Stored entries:
***
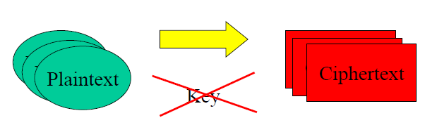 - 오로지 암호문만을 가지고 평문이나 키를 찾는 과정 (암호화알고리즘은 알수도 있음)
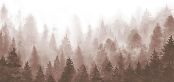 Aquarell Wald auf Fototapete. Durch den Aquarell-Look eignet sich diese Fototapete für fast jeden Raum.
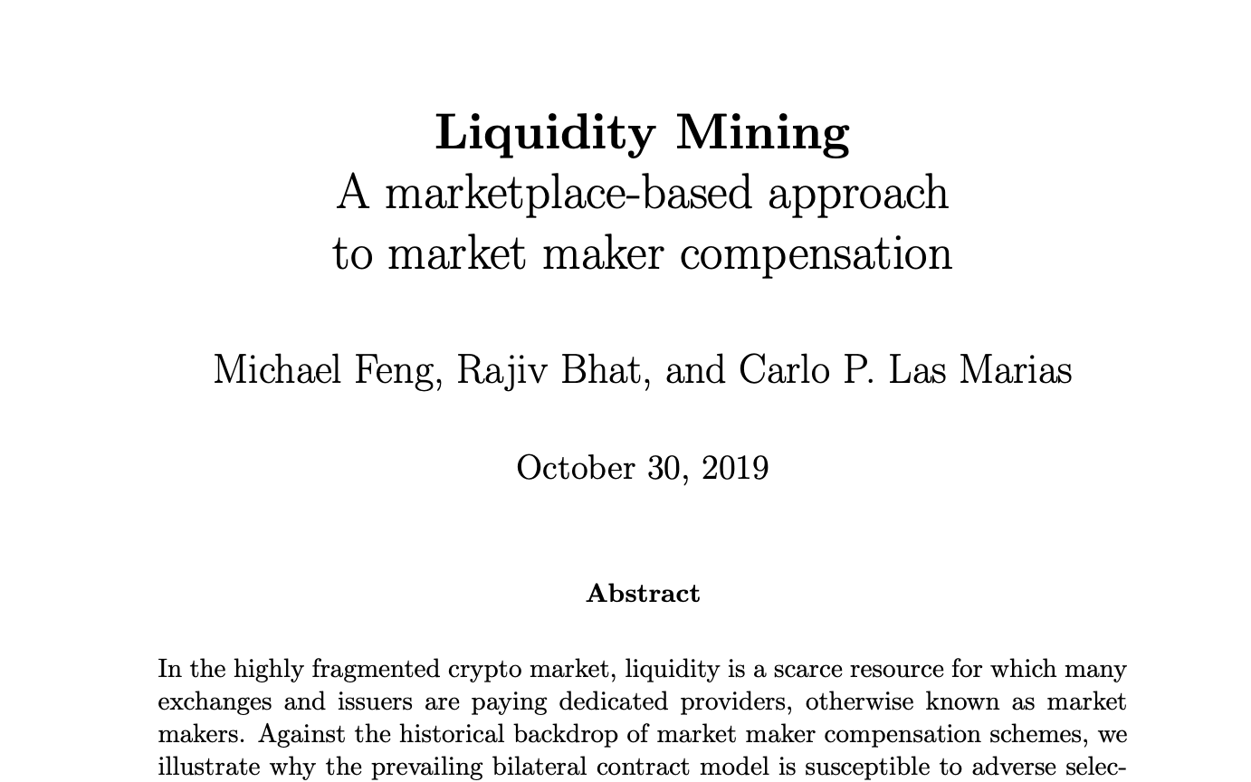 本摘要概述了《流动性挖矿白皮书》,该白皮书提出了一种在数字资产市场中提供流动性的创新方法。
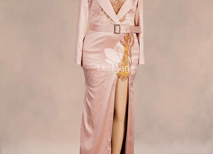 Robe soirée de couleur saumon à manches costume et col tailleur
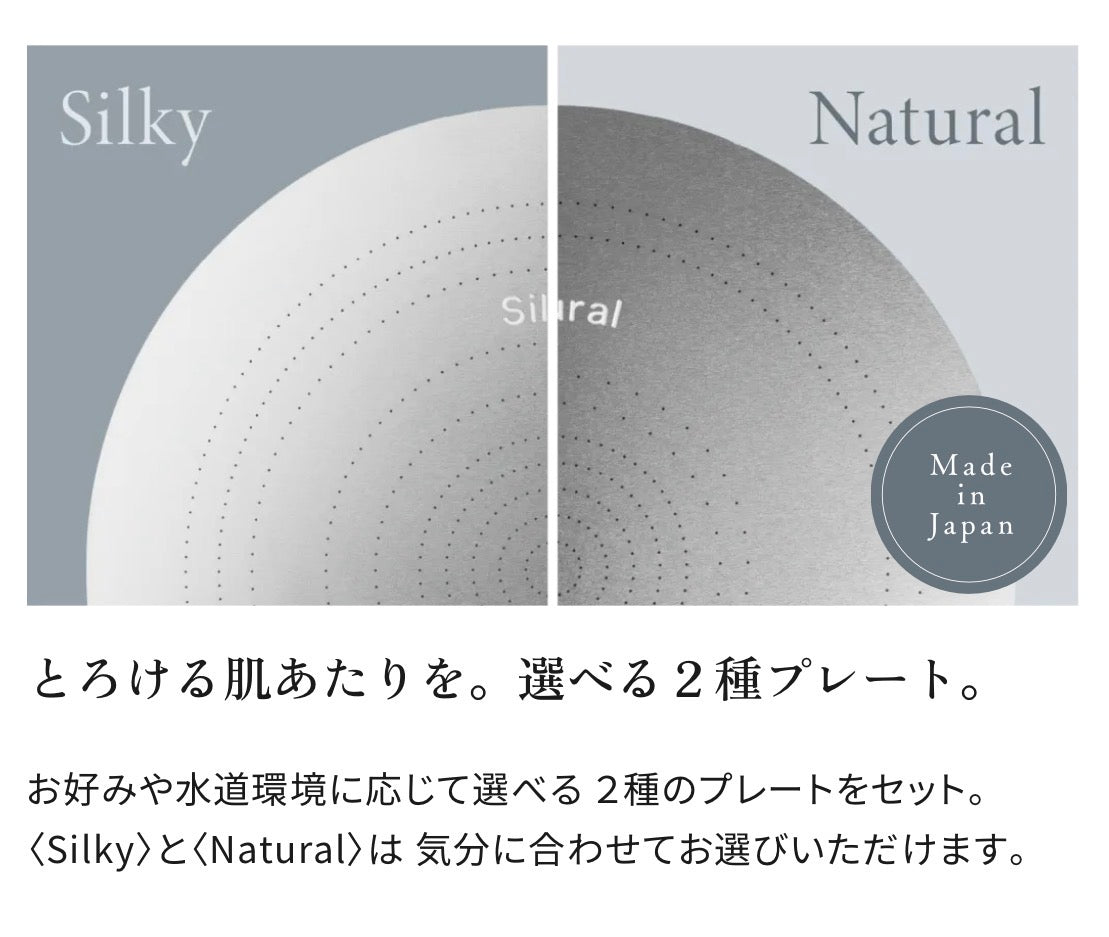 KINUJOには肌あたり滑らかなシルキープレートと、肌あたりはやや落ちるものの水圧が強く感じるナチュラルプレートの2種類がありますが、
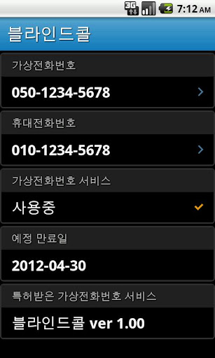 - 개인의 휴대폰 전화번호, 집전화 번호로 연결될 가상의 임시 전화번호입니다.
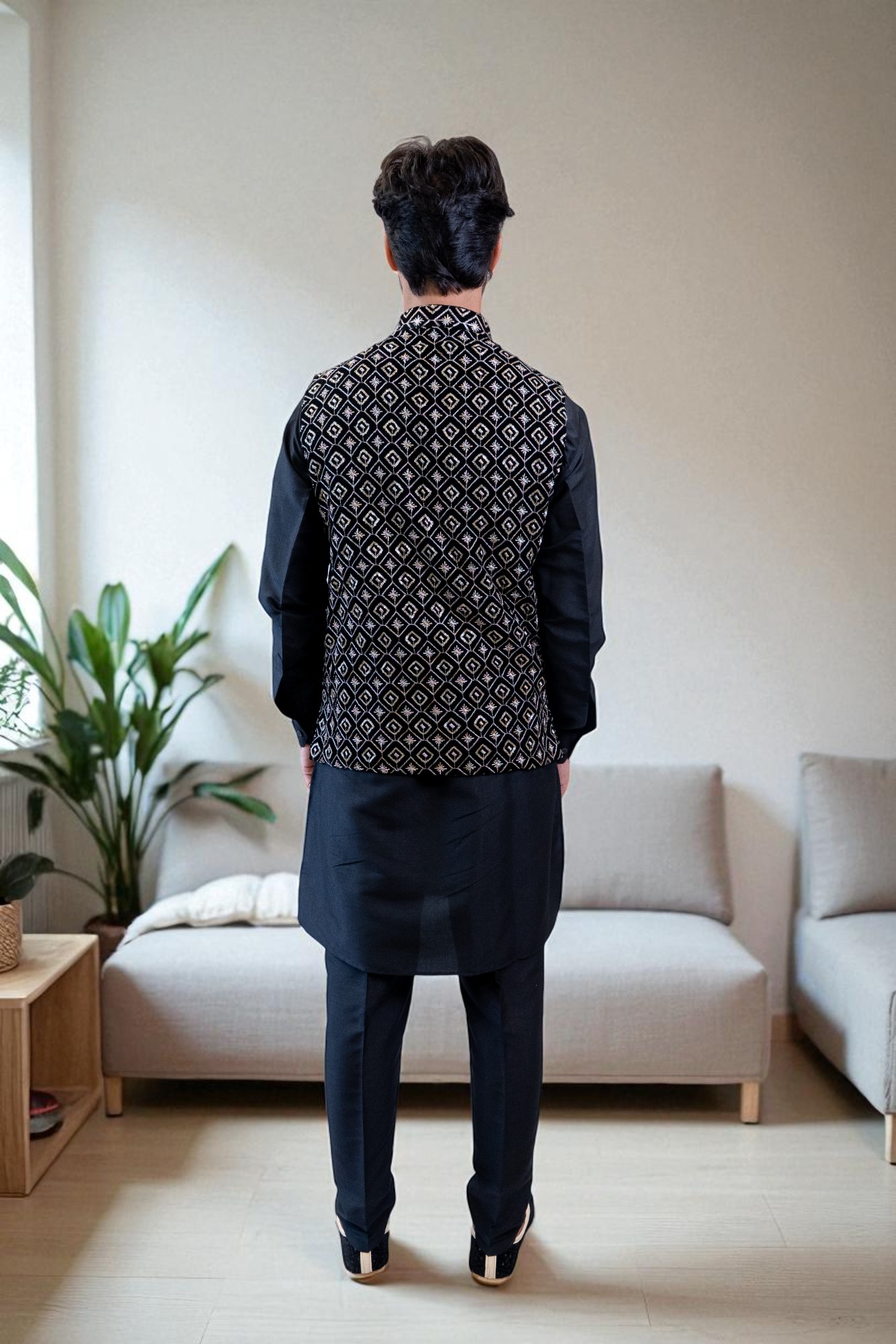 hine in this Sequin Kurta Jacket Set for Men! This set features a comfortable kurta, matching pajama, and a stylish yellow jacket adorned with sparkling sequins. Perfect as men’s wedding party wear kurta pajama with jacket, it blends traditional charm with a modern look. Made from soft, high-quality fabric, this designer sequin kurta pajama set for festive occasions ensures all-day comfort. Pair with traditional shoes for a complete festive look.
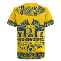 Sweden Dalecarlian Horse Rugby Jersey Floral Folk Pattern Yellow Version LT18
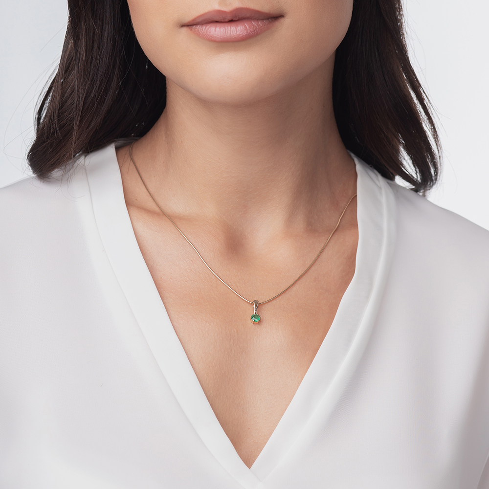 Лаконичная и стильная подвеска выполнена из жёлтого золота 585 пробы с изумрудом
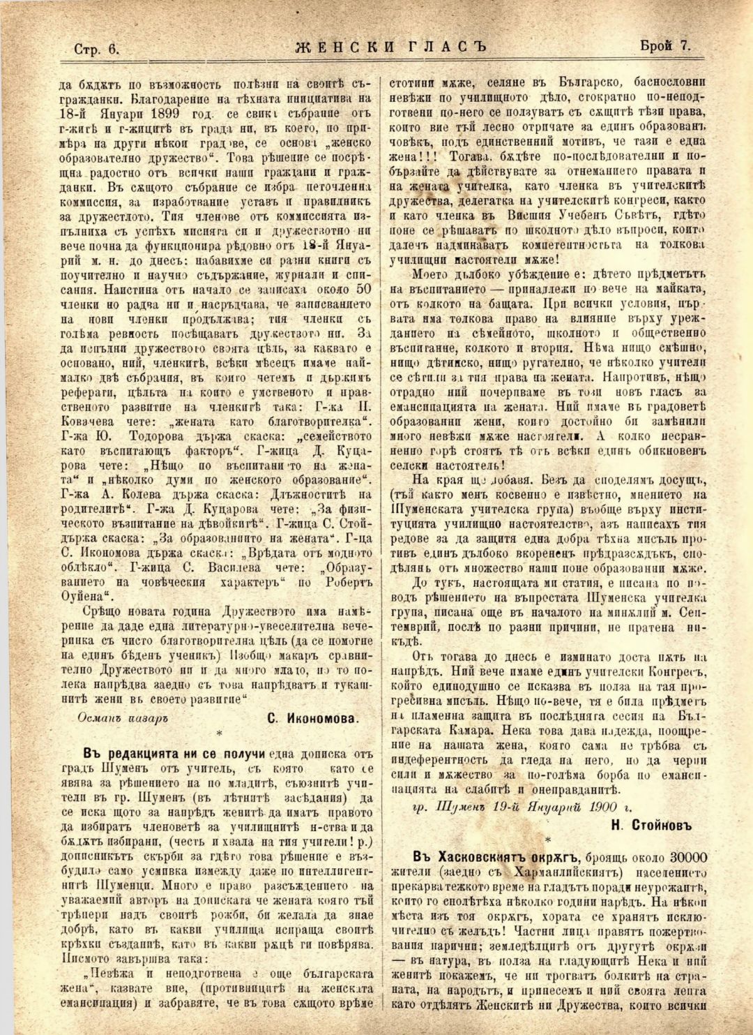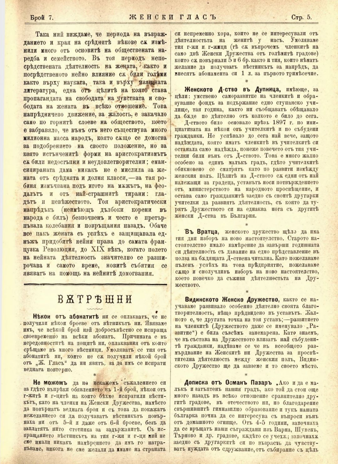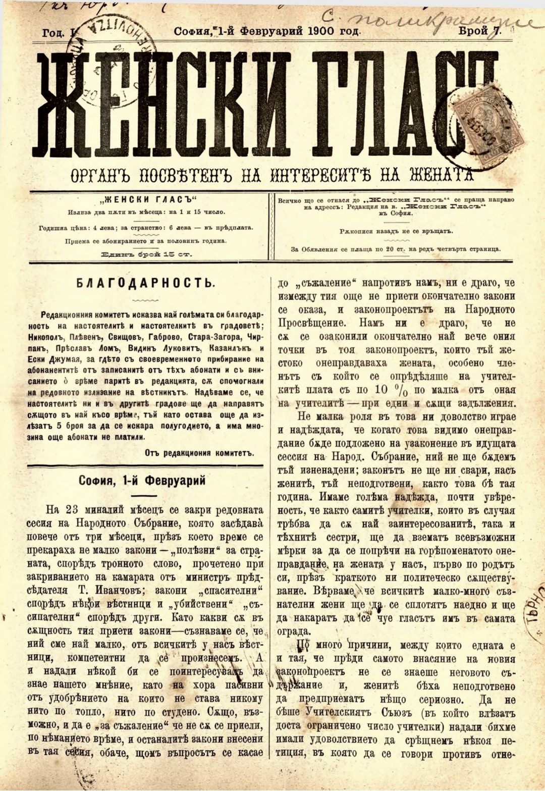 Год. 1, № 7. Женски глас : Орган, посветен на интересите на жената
***
- [Exercise aim]:
Pictures must be left out. Repeat exactly the lines from the one containing "Лаконичная и стильная" through the final line of the data.

- [Task result]:
 Лаконичная и стильная подвеска выполнена из жёлтого золота 585 пробы с изумрудом
 Год. 1, № 7. Женски глас : Орган, посветен на интересите на жената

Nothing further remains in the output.